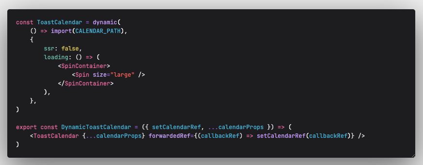 - Dynamic import 해온 캘린더 컴포넌트를 사용하는 컴포넌트
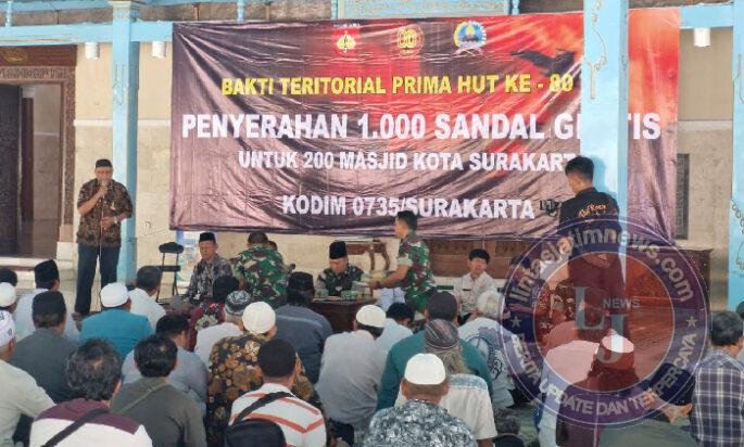 “Dalam rangka memperingati hari ulang tahun ke-80 tni tahun 2025, kami keluarga besar kodim 0735/surakarta merasa bersyukur dapat menyelenggarakan bakti teritorial prima berupa penyerahan 1.000 pasang sandal kepada 200 Masjid di wilayah Surakarta.”tuturnya.
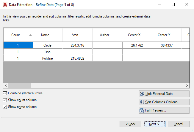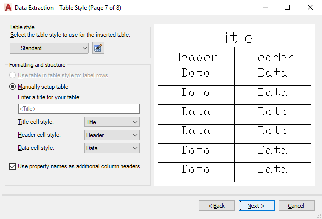 Controls the appearance of the data extraction table. This page is displayed only if AutoCAD Table is selected on the Choose Output page.
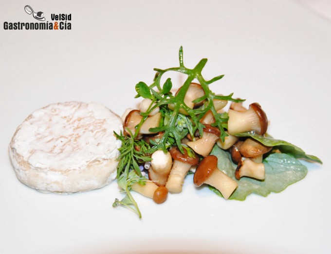 Sobre un plato disponer el queso de lino, a un lado colocar las setas y terminar colocando un poco de canónigos frescos.

Work request — Beginning with the line that holds "Controls the appearance" and ending with the last line of the material above, extract every line exactly, pictures excluded.

Solution for this exercise —
 Controls the appearance of the data extraction table. This page is displayed only if AutoCAD Table is selected on the Choose Output page.
 Sobre un plato disponer el queso de lino, a un lado colocar las setas y terminar colocando un poco de canónigos frescos.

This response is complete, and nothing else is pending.